A case in point was the reported violent domestic abuse of former spy chief Manala Manzini’s disabled wife. Mavivi Myakayaka-Manzini told the Sunday Times how she had been forced to obtain a court order against Manzini after he beat her up in front of their eight-year-old daughter. Senior members of the ANC were involved in the matter, but there is no record of Manzini ever having been disciplined.

‘We don’t do quotas systems’
While the mother body preaches quotas to the rest of the country, it has yet to get its youth league to toe the line.

“We don’t do quotas systems,” the league’s secretary general Vuyiswa Tulelo told the M&G. “We ensure that young women get an opportunity to be developed in their own capacity, taking cognisance what their shortcomings, needs and special circumstances are.”

The argument can be disingenuous considering that the league backs racial quotas. Tulelo is the league’s most powerful woman and an organised and talented individual in her own right — but she is something of an abnormality. The top leadership of the league — a training ground for the ANC — is almost entirely dominated by men.

Tulelo brushed off the criticism, firing off a series of statistics to show the league had gender parity in nearly every other area — from membership, to their national executive committee.

Thanks to her advocacy, the league became increasingly gender aware with an annual “women’s assembly” to support and coach women in the league.

“We have women we have groomed that have come from the youth league who are leading the ANC today,” she said, referring to people such as Dorothy Mahlangu, Dipuo Peters and Potgieter-Gqubule. Clearly passionate about the topic, she went on to describe other talented female leaders in the league who were starting to distinguish themselves.

“The problem we have is the media tends to focus on the male species,” she said in an oft-repeated theme of our interview: the media’s fascination with people such as Julius Malema at the expense of women in the league.

However Tulelo, who at age 34 is on her way out of the league, always had her work cut out for her — without the media’s help.

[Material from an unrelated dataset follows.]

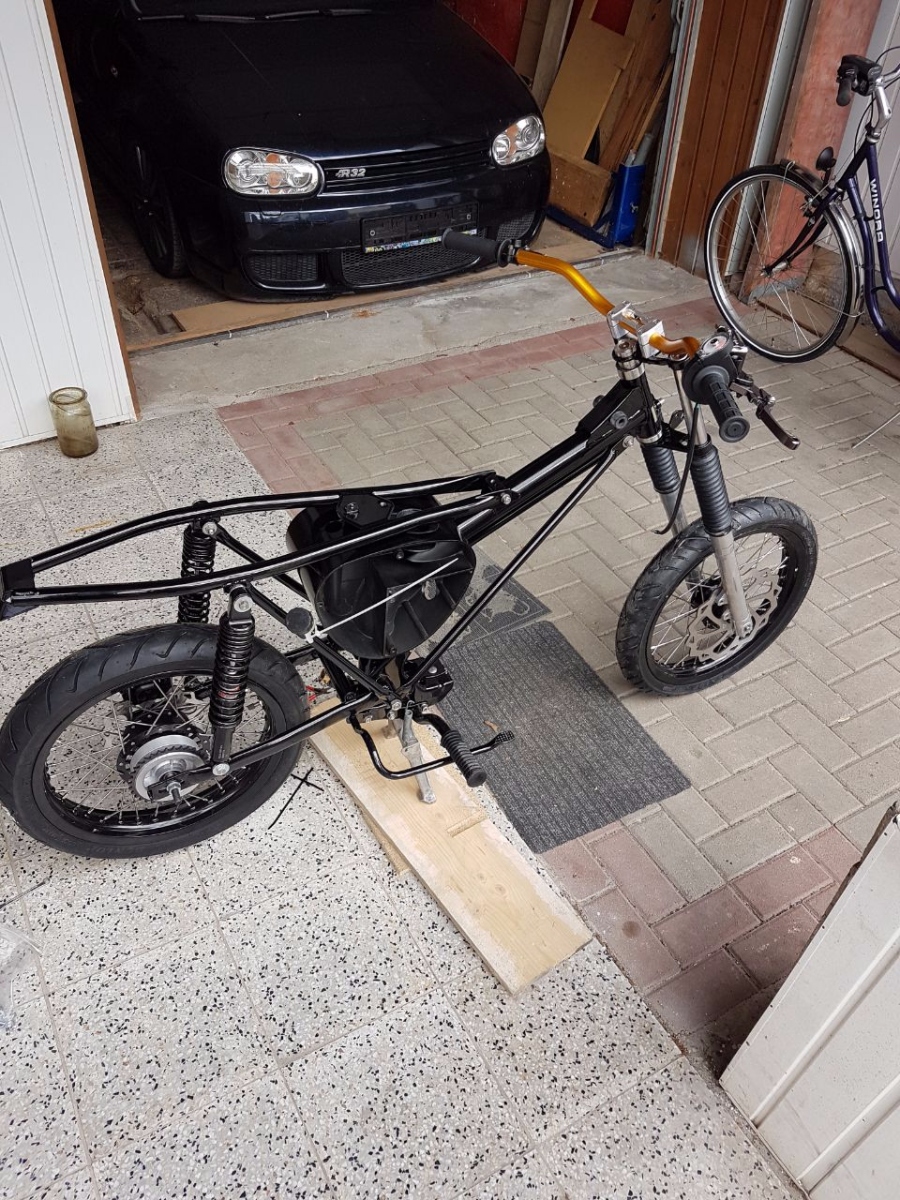 Das Moped ist nicht mir. Baut mein bester Kollege auf.

If the ANC is patriarchal, the culture of its more radical youth league is downright sexist.

The comments of its controversial leader Malema in defence of Zuma during the latter’s rape trial landed him in the equality court.

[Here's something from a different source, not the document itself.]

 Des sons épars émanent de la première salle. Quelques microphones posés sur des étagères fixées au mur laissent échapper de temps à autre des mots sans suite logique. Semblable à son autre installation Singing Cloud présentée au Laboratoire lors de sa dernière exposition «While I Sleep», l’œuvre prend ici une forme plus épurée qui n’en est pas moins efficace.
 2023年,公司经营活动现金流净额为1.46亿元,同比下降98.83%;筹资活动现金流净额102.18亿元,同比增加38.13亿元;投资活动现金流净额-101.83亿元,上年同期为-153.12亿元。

“When a woman didn’t enjoy it, she leaves early in the morning,” he told Cape Peninsula University of Technology students. “Those who had a nice time will wait until the sun comes out, request breakfast and ask for taxi money … You can’t ask for money from somebody who raped you.”

Like Motshekga, Tulelo, when pushed, acknowledged the sexist attitudes of men in her party.

“Because we are a training ground they’re still getting there. Sometimes they like to push their luck and push their boundaries from time to time,” she said — perhaps euphemistically — of the men in the youth league. “But I fight with the young women. I say to them, ‘for you to be assertive you don’t need to be as rowdy as I am. You can be assertive in your own quiet way’. But you must be able to say to a person ‘this is where it stops, you don’t push me around’.”

It’s a gradual process for a party that has put men first for nearly a century.

As Morna says: “Numbers alone are not enough. What we’ve realised about the ANC is that jobs for the girls are one thing, but gender equality for the nation is a much bigger issue.”